_DATA SEGMENT_.
○ ○ ○ ○ ○ ○ ○

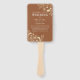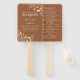 Elegantes y modernos abanicos de mano para programa de boda de terracota naranja quemada bohemio con encaje de flores silvestres doradas y letra de caligrafía simple.
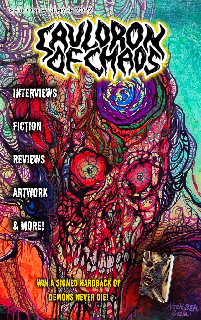 This week sees the release of Issue 3 of our quarterly magazine, Cauldron of Chaos. This issue focuses on Women in Horror and includes a selection of stories, artist features, book and film reviews, interviews with actors, filmmakers, writers and publishers, as well as competitions, all beautifully illustrated by David Paul Harris.
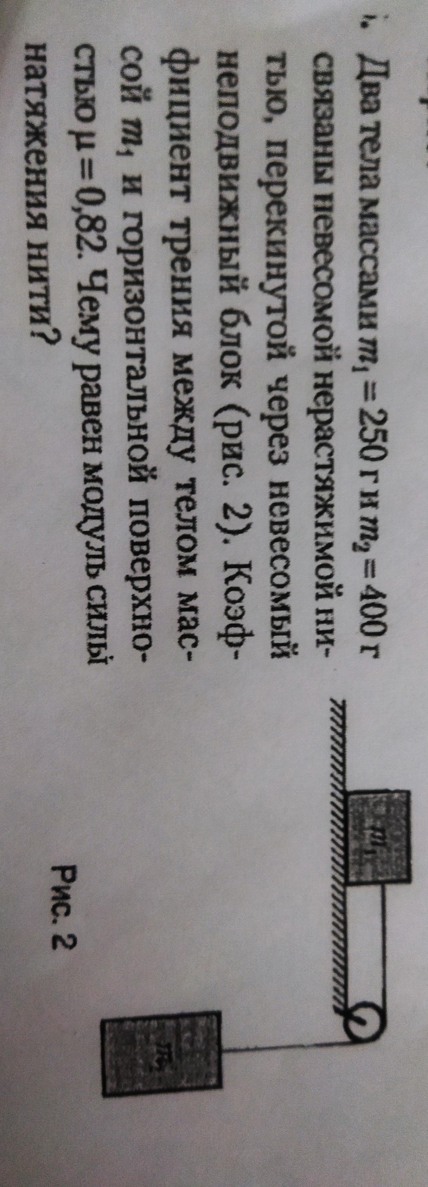 T=m1*m2*g*(1+μ)/(m1+m2)=0.25*0.4*10*(1+0.82)/(0.25+0.4)=2.8 H

○ ○ ○ ○ ○ ○ ○

_EXERCISE PROMPT_.
Omit the pictures and output all of the other material exactly.

_WRITTEN RESPONSE_.
 Elegantes y modernos abanicos de mano para programa de boda de terracota naranja quemada bohemio con encaje de flores silvestres doradas y letra de caligrafía simple.
 This week sees the release of Issue 3 of our quarterly magazine, Cauldron of Chaos. This issue focuses on Women in Horror and includes a selection of stories, artist features, book and film reviews, interviews with actors, filmmakers, writers and publishers, as well as competitions, all beautifully illustrated by David Paul Harris.
 T=m1*m2*g*(1+μ)/(m1+m2)=0.25*0.4*10*(1+0.82)/(0.25+0.4)=2.8 H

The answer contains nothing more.